**Task requirements**
In the data below, begin at the line with "가능성이 더 높아집니다." and stop after the line with "选手们你追我赶奋力伐楫。"; output those lines exactly and no pictures.

**Exercise data**
□ □ □ □
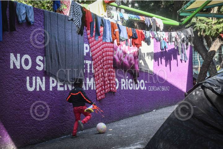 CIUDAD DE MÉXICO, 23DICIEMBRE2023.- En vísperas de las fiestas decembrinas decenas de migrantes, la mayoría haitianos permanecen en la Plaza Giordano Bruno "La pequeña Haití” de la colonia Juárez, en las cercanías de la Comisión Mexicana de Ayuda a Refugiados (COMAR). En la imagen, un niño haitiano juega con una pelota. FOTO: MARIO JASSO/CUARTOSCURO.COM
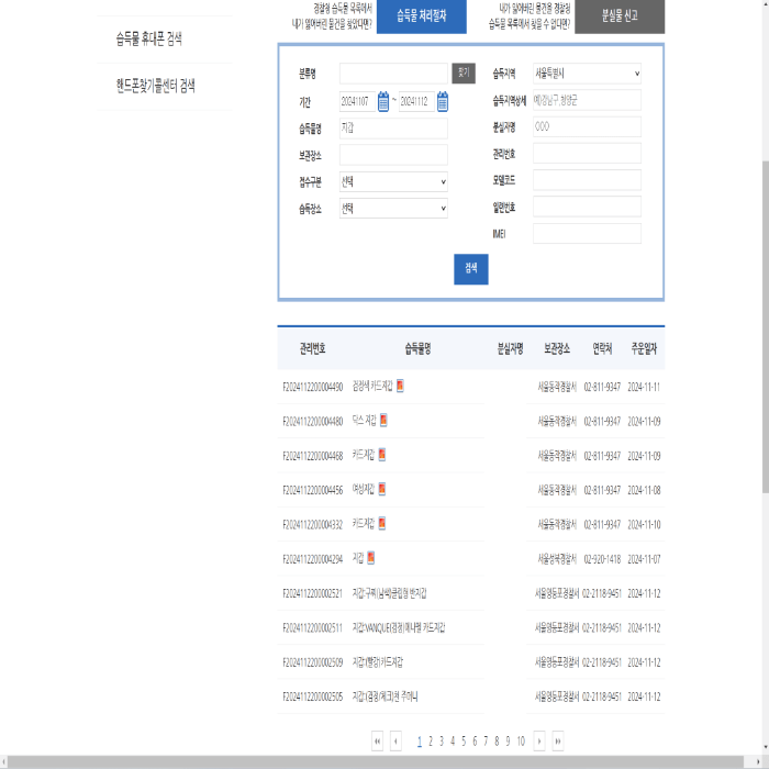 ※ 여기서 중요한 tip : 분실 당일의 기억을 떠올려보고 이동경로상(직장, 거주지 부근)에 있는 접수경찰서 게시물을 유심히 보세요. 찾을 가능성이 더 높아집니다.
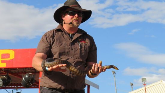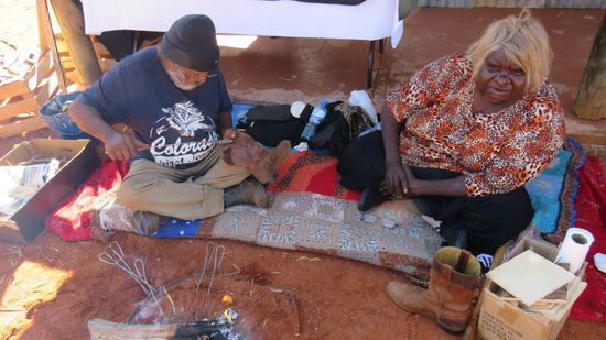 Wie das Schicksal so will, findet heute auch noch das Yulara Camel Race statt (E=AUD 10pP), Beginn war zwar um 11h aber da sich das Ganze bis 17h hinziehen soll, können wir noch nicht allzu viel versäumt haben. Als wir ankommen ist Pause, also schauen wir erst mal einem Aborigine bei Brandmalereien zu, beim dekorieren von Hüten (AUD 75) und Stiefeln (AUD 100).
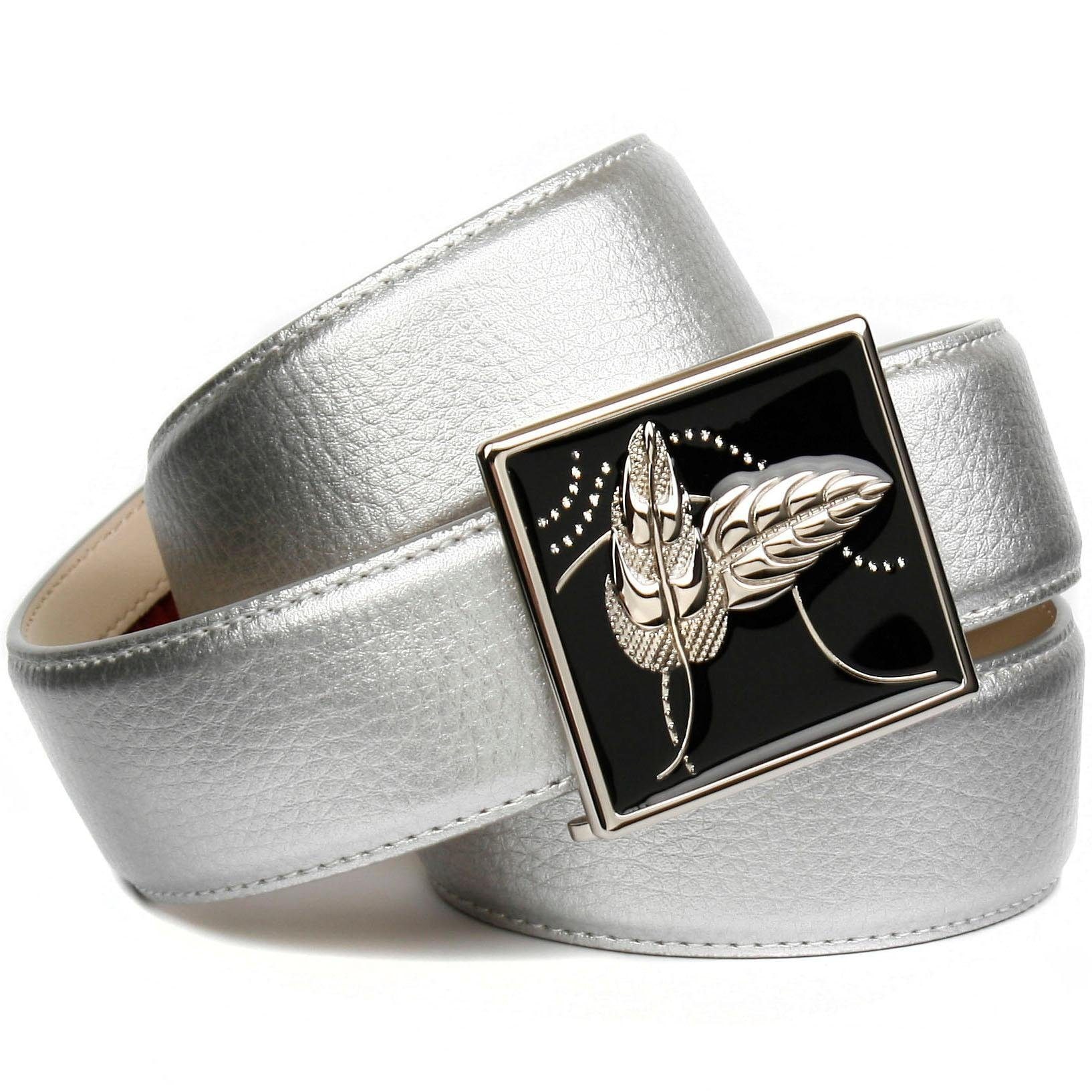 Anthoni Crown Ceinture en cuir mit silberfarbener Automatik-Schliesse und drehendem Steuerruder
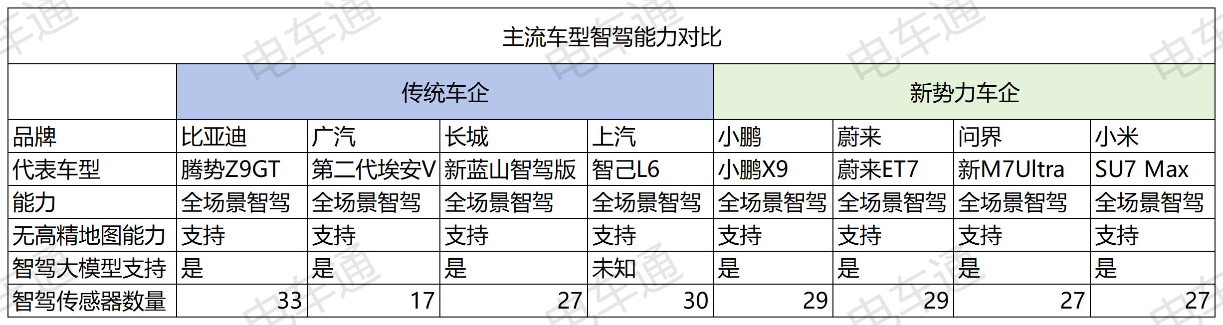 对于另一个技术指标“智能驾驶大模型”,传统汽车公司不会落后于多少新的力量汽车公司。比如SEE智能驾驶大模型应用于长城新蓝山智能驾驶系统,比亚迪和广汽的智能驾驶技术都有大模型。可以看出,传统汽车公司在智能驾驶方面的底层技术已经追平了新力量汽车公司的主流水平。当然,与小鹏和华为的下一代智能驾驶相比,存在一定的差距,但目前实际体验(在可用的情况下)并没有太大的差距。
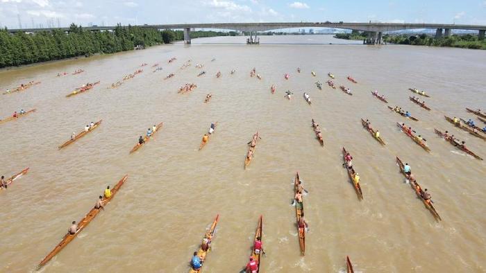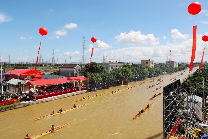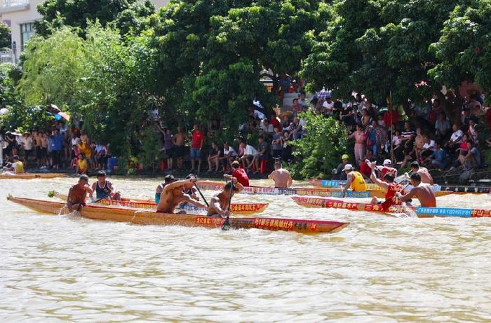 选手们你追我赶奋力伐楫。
□ □ □ □
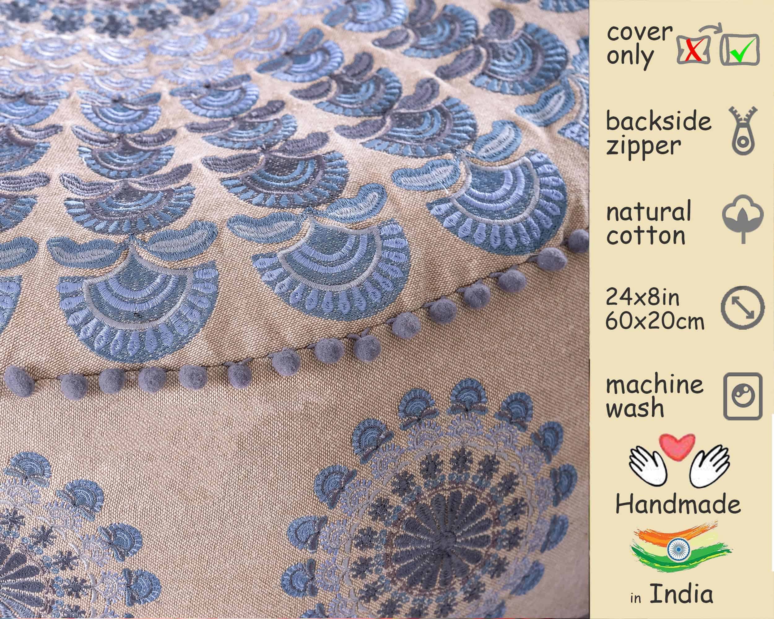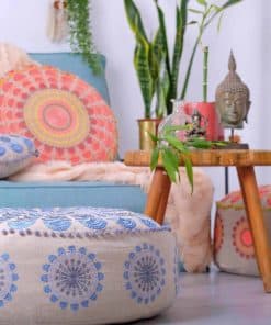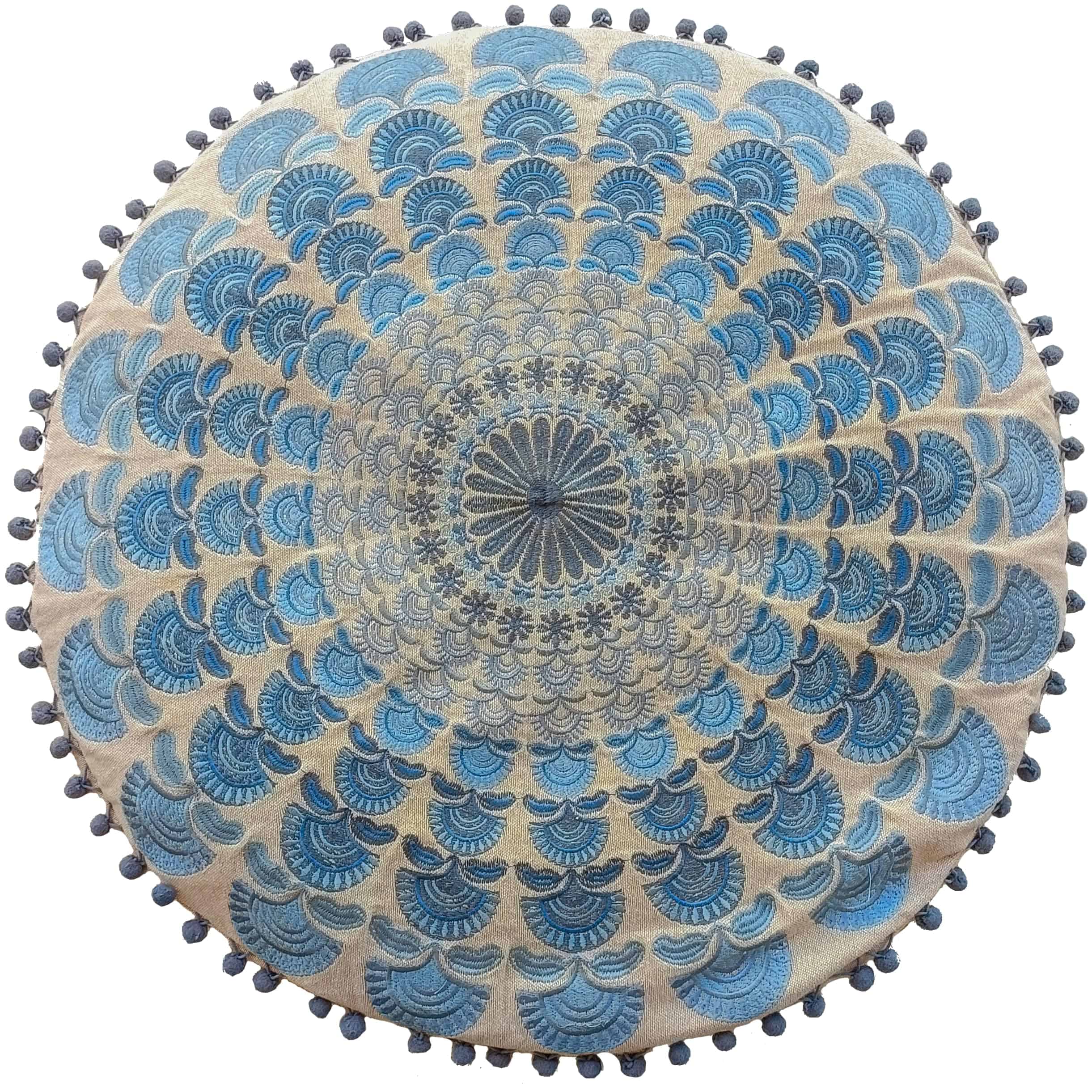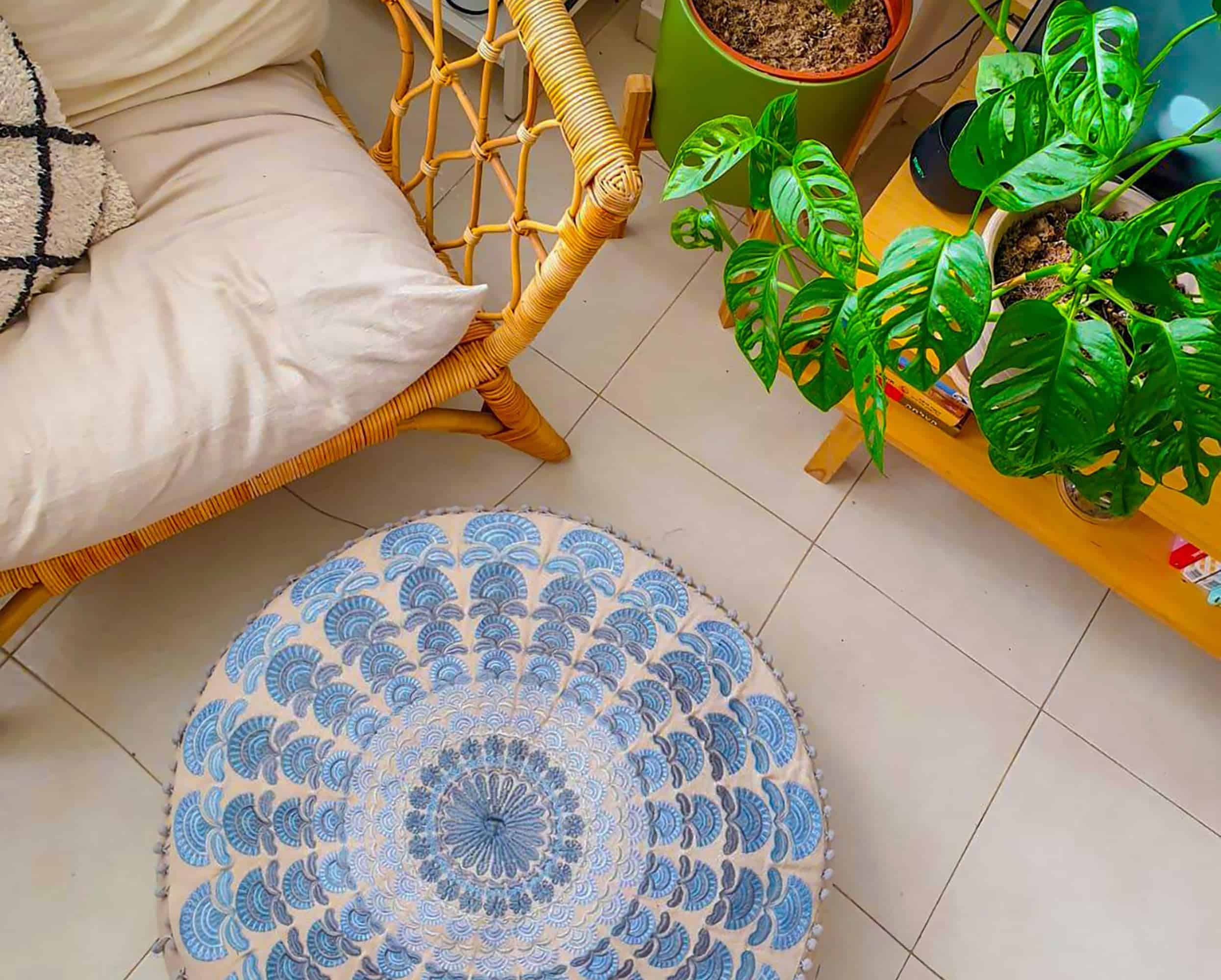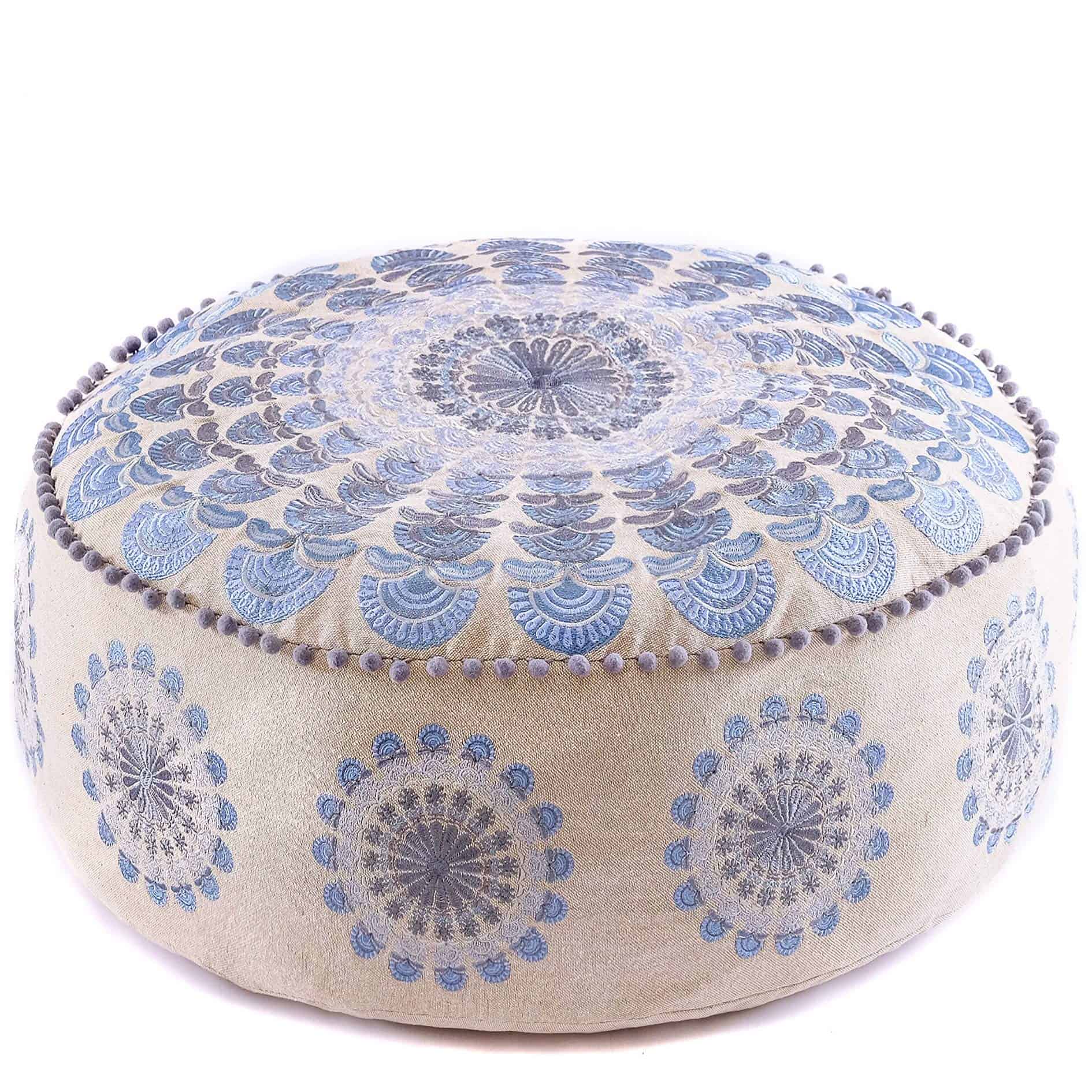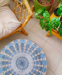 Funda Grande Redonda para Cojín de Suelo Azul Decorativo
□ □ □ □
**Answer to the problem**
 ※ 여기서 중요한 tip : 분실 당일의 기억을 떠올려보고 이동경로상(직장, 거주지 부근)에 있는 접수경찰서 게시물을 유심히 보세요. 찾을 가능성이 더 높아집니다.
 Wie das Schicksal so will, findet heute auch noch das Yulara Camel Race statt (E=AUD 10pP), Beginn war zwar um 11h aber da sich das Ganze bis 17h hinziehen soll, können wir noch nicht allzu viel versäumt haben. Als wir ankommen ist Pause, also schauen wir erst mal einem Aborigine bei Brandmalereien zu, beim dekorieren von Hüten (AUD 75) und Stiefeln (AUD 100).
 Anthoni Crown Ceinture en cuir mit silberfarbener Automatik-Schliesse und drehendem Steuerruder
 对于另一个技术指标“智能驾驶大模型”,传统汽车公司不会落后于多少新的力量汽车公司。比如SEE智能驾驶大模型应用于长城新蓝山智能驾驶系统,比亚迪和广汽的智能驾驶技术都有大模型。可以看出,传统汽车公司在智能驾驶方面的底层技术已经追平了新力量汽车公司的主流水平。当然,与小鹏和华为的下一代智能驾驶相比,存在一定的差距,但目前实际体验(在可用的情况下)并没有太大的差距。
 选手们你追我赶奋力伐楫。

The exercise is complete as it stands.